As harvest comes to a close, farmers turn their attention to 2017 business planning and possibly upcoming land sales. But are tracts selling for what they’re actually worth, or previously appraised valuations? Understanding your area’s most recent farmland value study and historical trends can help those considering to place the winning bid or sell to the highest bidder.
For more than a decade, land prices throughout the state steadily climbed, reaching unprecedented numbers – with average values peaking at an almost 80 percent increase from 2003.
To understand how land values differ from year-to-year, Farm Credit Illinois (FCI) conducts an annual benchmark farm study evaluating the same 20 farms’ values. The 2014 benchmark study’s overall results marked the beginning of a shift in trends with only a slight increase in land values. The downward trend began in 2015 with an average decrease in value of 1.51 percent.
The most recent benchmark farm study conducted in July 2016 revealed a steady, average decline in land values of 6.34 percent in the central and southern 60 counties of Illinois.
Overall, the 2016 benchmark study showed 16 of the 20 farms evaluated each year declining in value, one benchmark resulting in no change, and three marginally increasing. Results follow trends throughout the Midwest Corn Belt.
The descending trend can be attributed to high row crop yields throughout the top producing countries of the world, resulting in lower commodity prices and contributing to reduced net farm income. As yields are reported throughout the Midwest, it appears the movement will continue into 2017.
In combination with these factors, if the Federal Reserve (Fed) votes to increase the Fed Funds Rate, as it is expected to soon, land values will likely continue moderately decreasing.
Study Reveals Value Reductions Across Land Classes
Illinois’ agriculture real estate is a location-specific asset whose value is determined by its farmland class. A farmland class is calculated using the University of Illinois’ Bulletin 811 Productivity Index table which classifies the soil in terms of a productivity index (PI) rating. Using soil maps, appraisers determine the percentage of soil types present on a farm to find the overall PI rating – the higher the rating, the more productive the farm’s soils. The overall PI rating places farmland into classes from A to C. Within FCI’s benchmark study, all farmland classes are evaluated.
When considering the benchmarks individually, a wide range of percentage changes across the land classes were shown; the year-over-year percentage changes ranged from -15.53 percent to +3.12 percent.
How Land Trends Influence Buying and Selling
These benchmark values reveal current and long term trends and help set expectations for farm families planning to purchase or sell ground. However, regional trends do not define each piece of property. As farmers begin planning for 2017, they should look to a reliable appraisal service and agricultural lender to study local land values.
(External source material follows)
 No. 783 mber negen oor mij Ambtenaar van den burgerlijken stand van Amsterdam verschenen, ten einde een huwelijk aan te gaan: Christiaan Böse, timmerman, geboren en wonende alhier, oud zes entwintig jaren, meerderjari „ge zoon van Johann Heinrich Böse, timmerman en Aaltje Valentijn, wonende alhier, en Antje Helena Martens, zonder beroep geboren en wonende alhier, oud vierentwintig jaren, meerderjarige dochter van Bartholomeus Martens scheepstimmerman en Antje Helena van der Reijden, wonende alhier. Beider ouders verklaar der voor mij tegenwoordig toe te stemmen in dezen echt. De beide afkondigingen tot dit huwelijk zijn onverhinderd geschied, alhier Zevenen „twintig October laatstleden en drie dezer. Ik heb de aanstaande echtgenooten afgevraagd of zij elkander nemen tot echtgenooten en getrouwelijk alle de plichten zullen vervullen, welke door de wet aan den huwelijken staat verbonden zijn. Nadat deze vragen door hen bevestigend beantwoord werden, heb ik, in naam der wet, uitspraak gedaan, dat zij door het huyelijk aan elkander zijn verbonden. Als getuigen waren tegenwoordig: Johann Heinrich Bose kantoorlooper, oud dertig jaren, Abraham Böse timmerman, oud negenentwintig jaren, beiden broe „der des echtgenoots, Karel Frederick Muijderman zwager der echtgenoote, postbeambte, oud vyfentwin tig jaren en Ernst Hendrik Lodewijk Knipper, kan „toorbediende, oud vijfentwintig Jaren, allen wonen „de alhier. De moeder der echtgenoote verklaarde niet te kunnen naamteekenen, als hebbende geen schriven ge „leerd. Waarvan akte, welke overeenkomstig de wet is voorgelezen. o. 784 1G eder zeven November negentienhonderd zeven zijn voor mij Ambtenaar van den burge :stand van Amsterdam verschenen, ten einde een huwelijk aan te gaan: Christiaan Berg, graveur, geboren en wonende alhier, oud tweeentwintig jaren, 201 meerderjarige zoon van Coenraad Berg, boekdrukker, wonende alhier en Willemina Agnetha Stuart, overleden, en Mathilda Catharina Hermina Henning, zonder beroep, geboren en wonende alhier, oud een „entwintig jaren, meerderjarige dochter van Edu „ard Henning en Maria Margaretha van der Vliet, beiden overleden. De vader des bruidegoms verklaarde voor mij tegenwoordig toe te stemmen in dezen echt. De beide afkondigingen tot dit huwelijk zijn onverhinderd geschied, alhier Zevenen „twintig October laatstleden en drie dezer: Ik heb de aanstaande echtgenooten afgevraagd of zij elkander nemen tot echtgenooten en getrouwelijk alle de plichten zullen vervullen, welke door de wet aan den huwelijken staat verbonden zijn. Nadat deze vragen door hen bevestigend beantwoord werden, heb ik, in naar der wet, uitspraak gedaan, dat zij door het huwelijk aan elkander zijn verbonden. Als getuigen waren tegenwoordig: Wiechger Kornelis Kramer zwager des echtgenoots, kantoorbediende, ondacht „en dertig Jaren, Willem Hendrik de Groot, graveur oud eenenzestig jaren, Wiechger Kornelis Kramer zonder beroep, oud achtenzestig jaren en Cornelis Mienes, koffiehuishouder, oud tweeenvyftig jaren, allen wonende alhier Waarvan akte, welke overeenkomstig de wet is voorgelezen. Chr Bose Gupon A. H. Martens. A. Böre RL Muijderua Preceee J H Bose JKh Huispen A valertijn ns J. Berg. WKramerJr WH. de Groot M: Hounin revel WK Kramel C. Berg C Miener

Understanding the historical sale trends and the productivity index of a piece of land will assist farmers in setting their maximum budget before the auction takes place – an important component to expanding or maintaining any operation.
Kent Reid is Chief Appraiser at Farm Credit Illinois. He was raised in Albion (Edwards County) and earned a bachelor’s degree in finance from Southern Illinois University Carbondale. Contact kreid@farmcreditIL.com with comments or questions.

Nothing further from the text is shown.